In the reply, give back exactly the lines from the one with "The smooth soft-touch" through the last line of the records, without pictures.
Supplied material section start
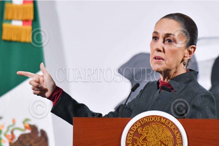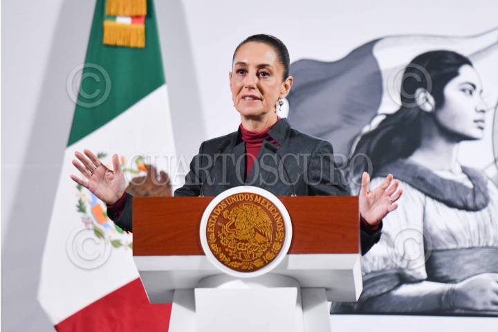 CIUDAD DE MÉXICO, 29ENERO2025.- Claudia Sheinbaum, presidenta de México, durante la conferencia matutina realizada en Palacio Nacional, en la que presentó y firmó las leyes secundarias de la Ley Energética, la cual indica que Pemex y CFE serán empresas públicas del Estado. FOTO: MARIO JASSO/CUARTOSCURO.COM
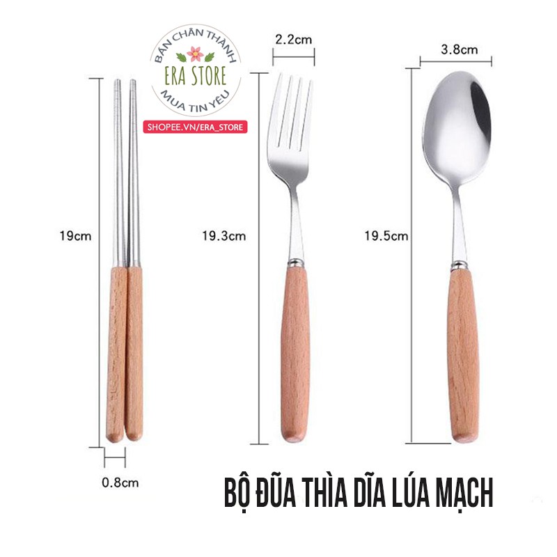 [LOẠI TỐT] Bộ 3 dụng cụ đũa thìa dĩa inox không gỉ tay gỗ văn phòng tiện lợi dễ dàng vệ sinh an toàn cho sức khỏe
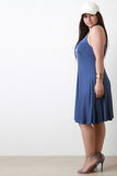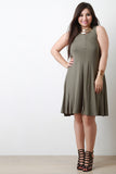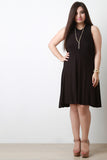 This dress features a soft jersey knit fabrication with, scoop neckline, midi length hem and flowy shift cut fit. Accessories sold separately. Made in U.S.A. 97% Rayon, 3% Spandex
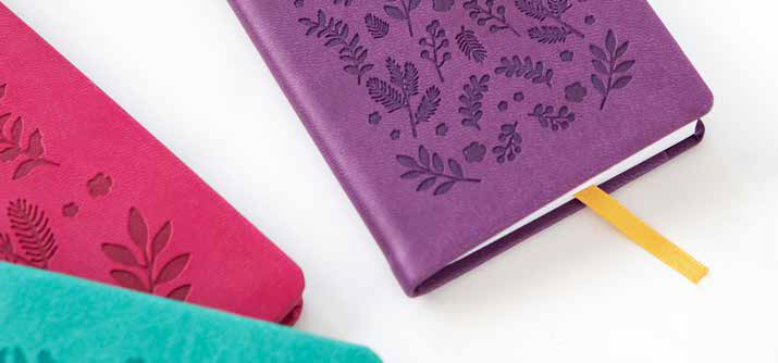 The smooth soft-touch covers feature intricate, deeply embossed, floral designs, adding a whimsical touch to your days.
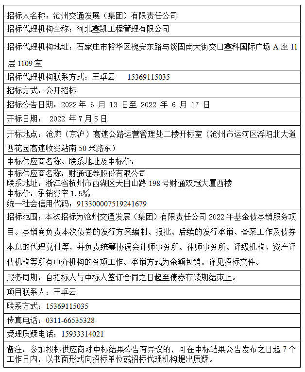 滄州交通發(fā)展(集團)有限責任公司2022年基金債承銷服務項目 中標結果公告
Supplied material section end
• Result for this exercise
 The smooth soft-touch covers feature intricate, deeply embossed, floral designs, adding a whimsical touch to your days.
 滄州交通發(fā)展(集團)有限責任公司2022年基金債承銷服務項目 中標結果公告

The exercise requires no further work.